TGIF? Allianz Survey on Job Attitudes
Allianz Survey on Job Attitudes
- Sustainability issues do matter when it comes to picking an employer. Just over 47% of respondents say they consider sustainability criteria when selecting an employer. Only a small minority (8.8%) said they were unimportant. Italian respondents are most concerned (68.9%), with American respondents far behind in second place (48.5%); British respondents pay least attention to sustainability (38.2%).
- Our results suggest that employees’ attitudes to work fall under three broad categories. To better gauge the changing nature of job attitudes, we built three personas based on the answers to direct questions about respondents’ decisions in certain work situations: 1) “rationalists” (mainly working for money), 2) “realists” (looking for the meaning of work but not at all costs) and 3) “idealists” (who view work as a way to make the world a better place and improve themselves along the way). The majority of respondents belong to the “realists” category (45.3%). However, almost as many (40.7%) belong to the “rationalists” category. In contrast, only a small proportion (14.0%) can be classified as “idealists”. Age makes a big difference: While 21% of Gen-Z respondents can be counted as “idealists”, the corresponding proportion among Boomers is only 7%. The other generations fall exactly between these poles. But in all generations – including Gen-Z – “rationalists” are more numerous than “idealists” ones.
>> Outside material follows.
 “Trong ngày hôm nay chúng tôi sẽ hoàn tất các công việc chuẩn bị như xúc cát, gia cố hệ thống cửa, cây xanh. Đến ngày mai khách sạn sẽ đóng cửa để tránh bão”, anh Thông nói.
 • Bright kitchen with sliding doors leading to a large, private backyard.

- When it comes to leaving jobs, stress appears as the top factor, especially in the US and UK. But we find signs that Great Resignation has peaked in the two countries. A total of 13.2% of respondents reported they had quit their job in the past 12 months; the figures were significantly higher among British (16.8%) and American respondents (18.2%) than in France (9.7%), Germany (13.0%) and Italy (8.8%). What all five countries have in common, however, is that quit rates fall linearly with age. At least in the US, however, the wave of quitting seems to have already peaked: The rate of those planning to quit in the next 12 months (15.3% overall) is lower than in the past 12 months. This decline is dramatic among the youngest respondents in particular: their quit rate has fallen by 15pp to 22.5%. For workers who already have or plan to quit their jobs, stress (in total 24.8% for those who have already quit and 21.2% for those who plan to), work-life balance (20.4% and 22.6%, respectively) and career opportunities (22.6% and 28.6%, respectively) were the main motivations across all five countries. However, in France, Germany and Italy, career opportunities tend to dominate – especially in the case of those who plan to quit their jobs. In the UK and above all the US, stress is more prominent.
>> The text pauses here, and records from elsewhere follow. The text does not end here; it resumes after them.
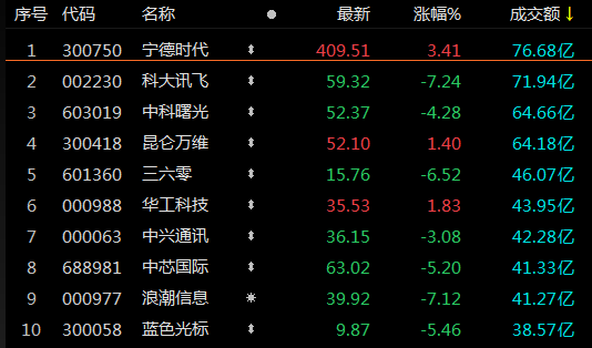 沪深两市今日成交额7897亿,较上个交易日放量1031亿。宁德时代以76.68亿元成交额居首,其次是科大讯飞,成交额为71.94亿元,中科曙光、昆仑万维、三六零等成交额紧随其后。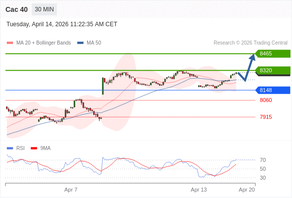 Cac 40 当日内: 新一轮上升。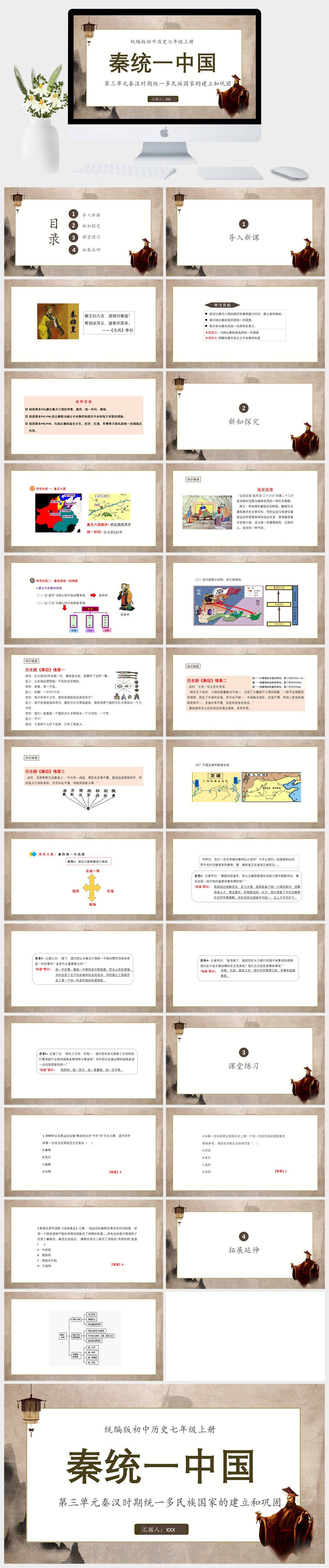 HKLS27-统编版初中历史七年级上册第三单元秦汉时期统一多民族国家的建立和巩固秦统一中国PPT模板成品课件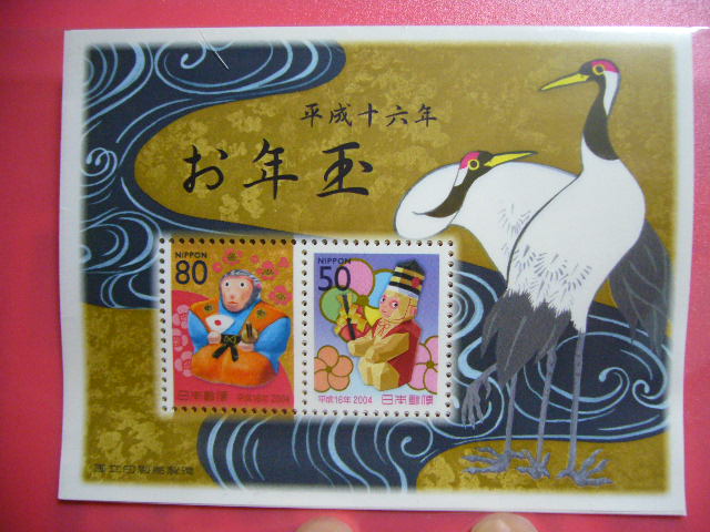 - ..未使用切手 年賀切手 お年玉小型シート 平成16年 さる 申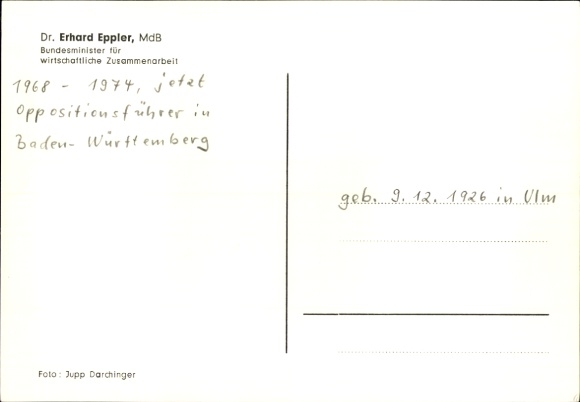 Ak Dr. Erhard Eppler, Bundesminister für wirtschaftliche Zusammenarbeit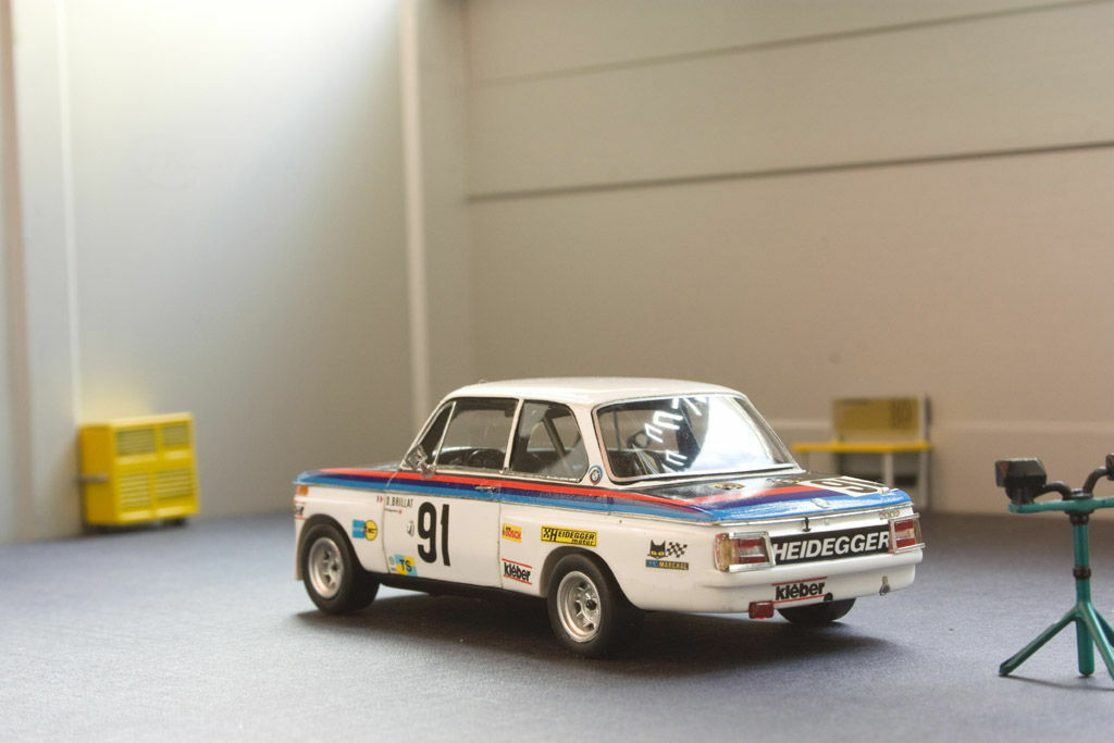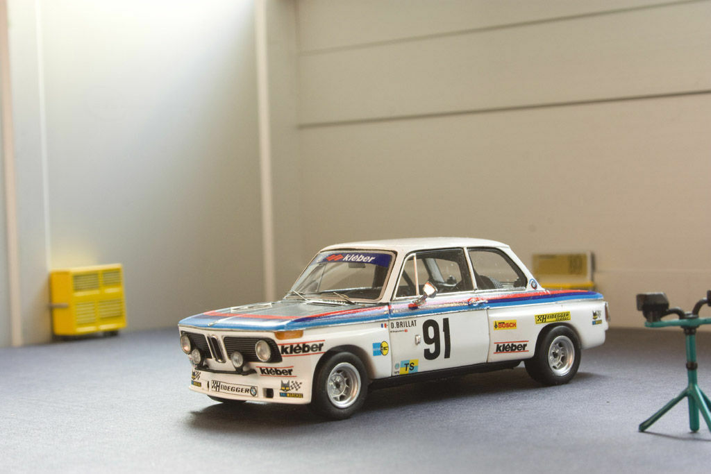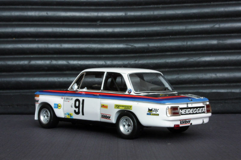Das Miniaturmodell von SPARK zeigt eine motorsportbezogene Lackierung, die aus weißem Grundton und den typischen BMW-Motorsport-Streifen besteht. Die Logos der Sponsoren, darunter Kleber, Bosch und Heidegger, sind deutlich sichtbar und wurden auf den Türen, der Motorhaube und dem Heck angebracht. Die Startnummer "91" sowie der Fahrername "D. Brillat" verweisen auf die Rennhistorie dieses Fahrzeugs. Das Modell hebt diese Details präzise hervor und bietet Sammlern eine realistische Darstellung des Originals.
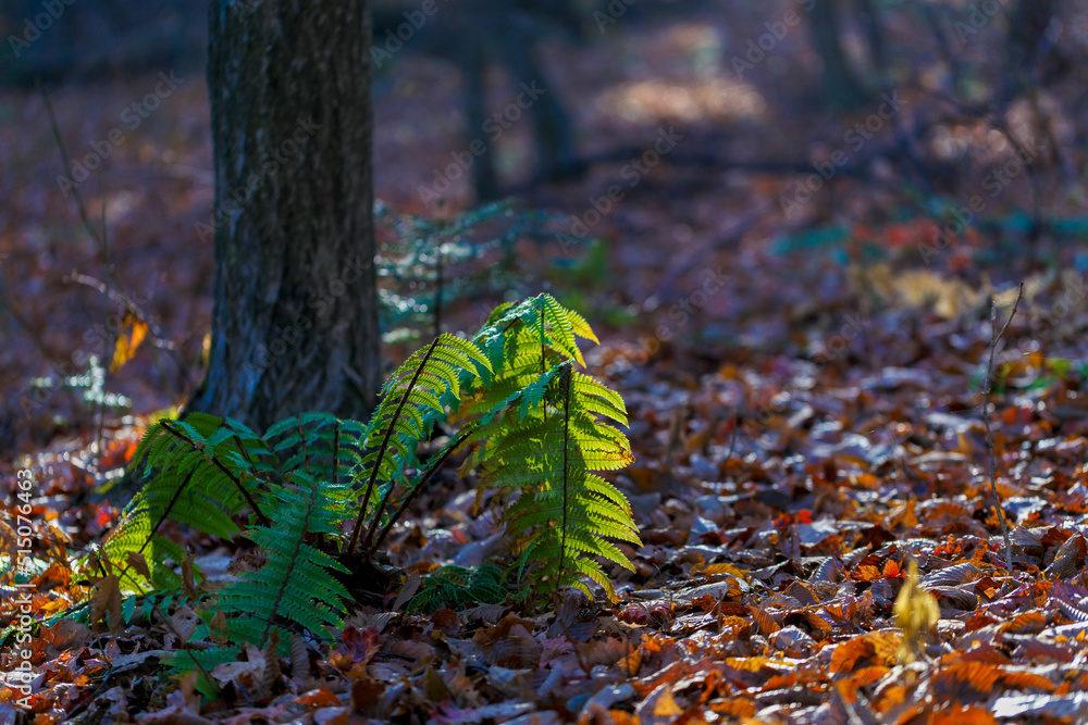 Close-up. Green seaside bracken fern grows in the autumn forest.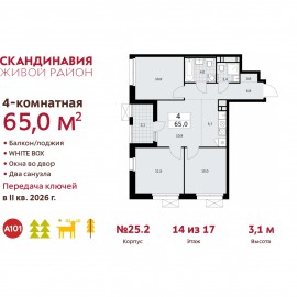 4-комн. квартира бизнес-класса с европланировкой и отделкой в ЖК "Скандинавия" на 14 этаже. Общая площадь: 65 кв.м., жилая: 43.2 кв.м., общая площадь гостиной-столовой с кухонной зоной: 16.6 кв.м. Европланировка, кухня-гостиная - идеальный вариант для тех, кто любит часто принимать...

- It is often assumed that different generations have different world views and values. Our study shows that such sweeping generalizations are delusive. The recent crises have not led millennials and Gen-Z to turn en masse towards other goals in their working lives such as purpose or personal development, because the benefits that previous generations enjoyed have turned out to be illusory. Instead the crises have underscored the value of security and stability, the base levels of “Maslow‘s hierarchy of needs” are still the strongest motivation across generations. For companies, this means that they must “deliver” in this respect; otherwise, all higher ambitions risk coming to nothing.